Pov Zelia.
Namaku adalah Azelia Jhonson, anak bungsu dari dua bersaudara, Zelia begitulah orang-orang memanggilku, aku memiliki kakak laki-laki bernama James Jhonson, kami merupakan kembar, James lahir lima menit lebih awal dariku. Meskipun kami kembar namun sepenuhnya tidak terlalu mirip, apalagi tentang sikap dan perilaku kami yang sangat bertolak belakang, James lebih menonjol dalam segala hal daripada aku, dan juga keberuntungan sepertinya lebih berpihak padanya. Entah karena dia laki-laki dan aku perempuan.
Banyak orang yang lebih membanggakan James ketimbang aku, meski begitu aku tak pernah ambil pusing, bagiku hidup itu harus di nikmati seperti air mengalir yang tenang. Dan di sinilah kami tinggal sekarang, Jerman tempat dimana kedua orang tua kami bersatu dan juga tempat kami dilahirkan, papaku bernama Petr Jhonson dan mamaku bernama Essie Warker.
Di usiaku yang baru menginjak enam belas tahun ini, ada satu hal yang membuatku sedikit terkejut, dimana aku harus menerima sebuah perjodohan dan aku harus menikah di usiaku yang ke sembilan belas nanti.Dan siapa calon suamiku pun belum pernah ku temui, bagaimana dia dan juga dimana dia sekarang, yang aku tahu nenekku lah yang merencanakan perjodohan itu. Oliv Jhonson nenek yang paling menyebalkan bagiku, namun sangat disegani di negara ini.
Oh My God aku tak bisa berkata apa-apa lagi jika semua diatur oleh nenekku, lalu bagaimana kisah masa-masa remajaku yang kata orang masa-masa paling indah itu. Aku hanya akan menjalaninya sesuai keinginanku, tentang perjodohan tak akan membuatku terlalu memikirkannya.
Pov Andrew.
Wajah tampan, tubuh proporsional,prestasi terbaik dan harta berlimpah siapa yang tak mau wanita mendekatiku, pria tertampan di salah satu sekolah terelit di negara Jerman. Andrew Tan itulah namaku, dimana kakiku perpijak di situlah para wanita mengelilingiku.

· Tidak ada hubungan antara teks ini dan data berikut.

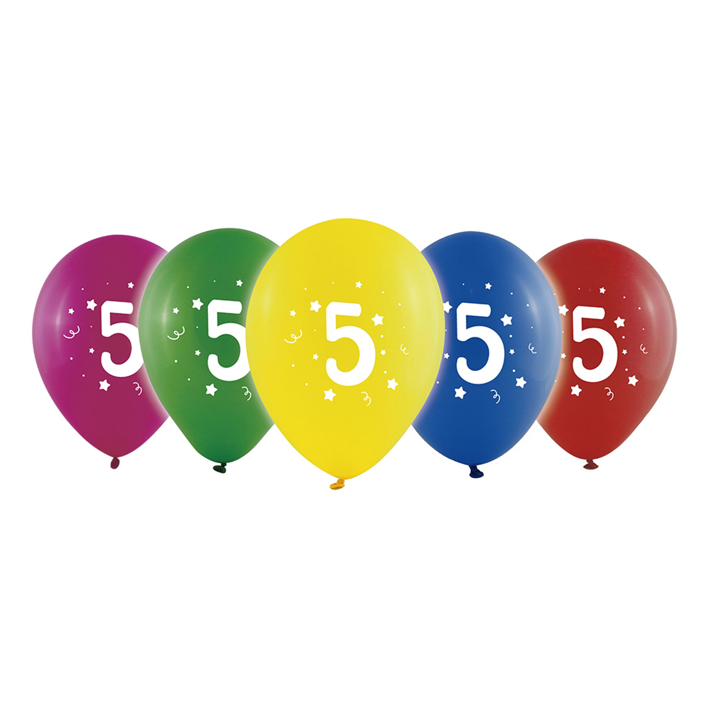 Sifferballong Latex Fem levereras i 10-pack i olika glada färger.
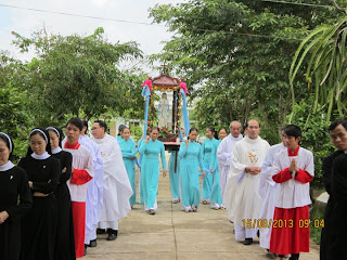 Trước thánh lễ, cộng đoàn cung nghinh tượng Đức Mẹ từ

Tapi semua itu membuatku merasa risih, mereka hanya mengejarku karena kekayaanku dan wajahku, sampai saat ini belum satu pun wanita yang bisa membuatku jatuh cinta, banyak teman laki-laki di sekolahku yang merasa iri dengan keberuntunganku dalam mengambil perhatian para gadis cantik di sekolah.
Meski hanya bersikap dingin, mereka bagai besi yang selalu menempel pada magnet, mencoba mendekatiku bagaimanapun caranya, aku selalu menghindari mereka karena bagiku hanya membuang waktu meladeni gadis-gadis matre dan norak itu.
Meski sebagian orang mengira aku tak menyukai wanita, sejujurnya aku laki-laki tulen yang bisa saja tergoda dengan wanita, namun entah kenapa di usiaku yang menginjak enam belas tahun ini belum mendapatkan seseorang yang bisa membuat jantungku memompa lebih cepat dari biasanya.
Aku berharap bisa bertemu dengan putri yang kriterianya sangat sesuai dengan yang ku inginkan, setidaknya prestasi tak boleh paling rendah, serta berkepribadian baik dan yang lebih penting hatiku bisa bergetar saat berada di dekatnya, aku menantikan waktu itu tiba.
Pov James
Aku James kakak satu-satunya yang di miliki Zelia, meski kami sering bersama tapi kami tak terlalu kompak dalam segala hal, dia seperti sisi gelapku, dimana semua hal hanya terlihat aneh saat Zelia di dekatku, kami bagai langit dan bumi, meski begitu aku sangat menyayanginya.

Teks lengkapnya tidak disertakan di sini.